SAN FRANCISCO — The former chief executive officer of Polycom Inc. has agreed to pay $450,000 to settle charges that he illegally used company funds to pay for luxurious vacations and expensive personal items like clothes and dinners.
Andrew Miller, who resigned in 2013, is barred from serving as a director or officer for any public company for the next five years under the terms of his agreement with the U.S. Securities and Exchange Commission made public on Friday.
Miller is represented by Morrison & Foerster partners Paul Friedman, Craig Martin and Philip Besirof. Martin declined to comment.
Lawyers David Johnson, Susan LaMarca and David Andrew Berman prosecuted the case for the SEC.
Polycom develops video conferencing equipment and licenses video compression software. It employs close to 4,000 people.
In March 2015, the SEC filed civil charges against Miller in the Northern District of California for securities fraud, filing false proxy statements, falsifying books and records, and circumventing the company’s internal controls.

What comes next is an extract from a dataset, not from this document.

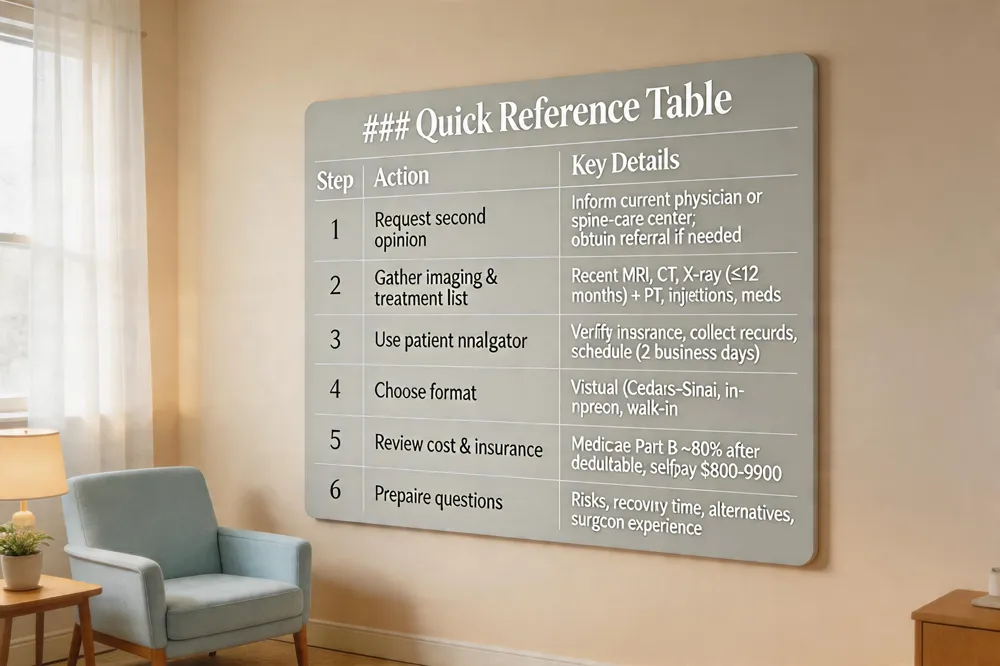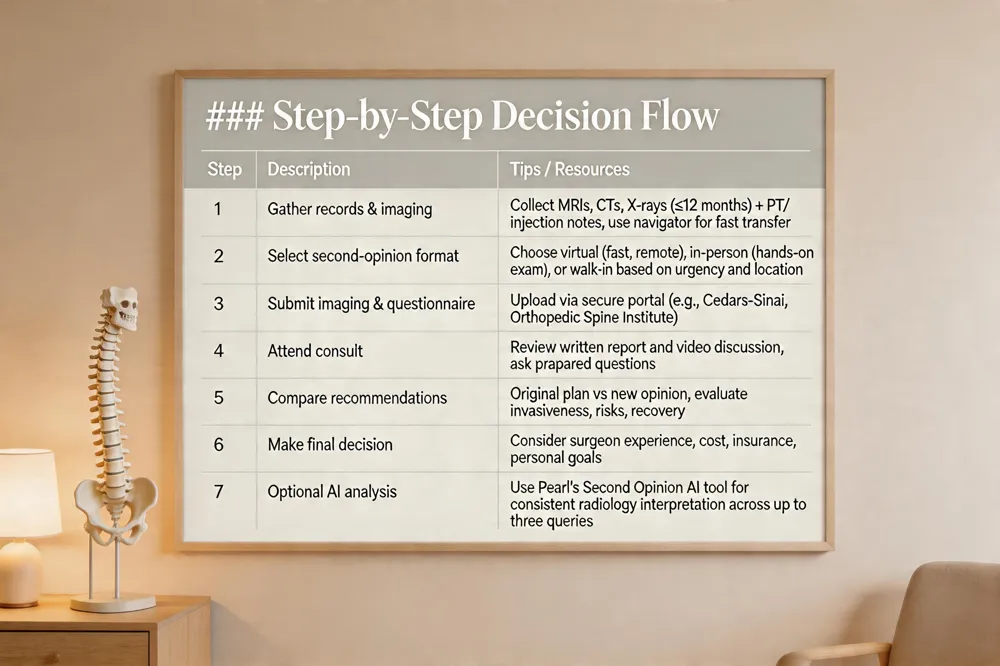 | 1 | Request second opinion | Inform current physician or call spine‑care center; obtain referral if needed |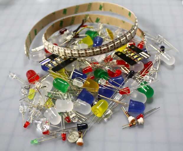 Aquí están algunasotrasfuentes de LEDs que pueden ser útiles. Hay, por supuesto, gran especialmente-hecho LEDs sewable y usted puede adjuntar a una Gemma u otros microcontroladores para más diversión. También... Neopixels. Neeeeeopixels. Para este sencillo proyecto, decidí usar regular de 5mm bastante intermitente los que tuve en mano.

The SEC complaint described lavish spending by Miller: a $524.67 charge on men’s shirts from Thomas Pink in the London Heathrow Airport—where dress shirts cost an average of $165 and up—and a $667.02 charge for dinner at San Francisco restaurant Quince, which earned two Michelin stars in 2013.
The SEC claimed that Miller spent more than $10,000 on clothing and accessories, a similar amount on tickets to sporting events, and more than $5,000 for plants and watering services for his personal residence. Miller also charged the company for vacations to Bali and South Africa, the SEC said.
Miller resigned in 2013 after an audit committee for Polycom’s board found irregularities in his expense reports.
According to the complaint, Miller hid these expenses by asking his administrative assistants to make purchases on company credit cards, then approving the expenses himself. Miller also allegedly faked the reason for some expenses, like claiming that the $413.40 he spent on tickets to Les Miserables was intended as a gift for “University of California SF/Childrens Hospital.”
Miller has agreed to pay a $250,000 civil penalty as well as disgorgement and interest.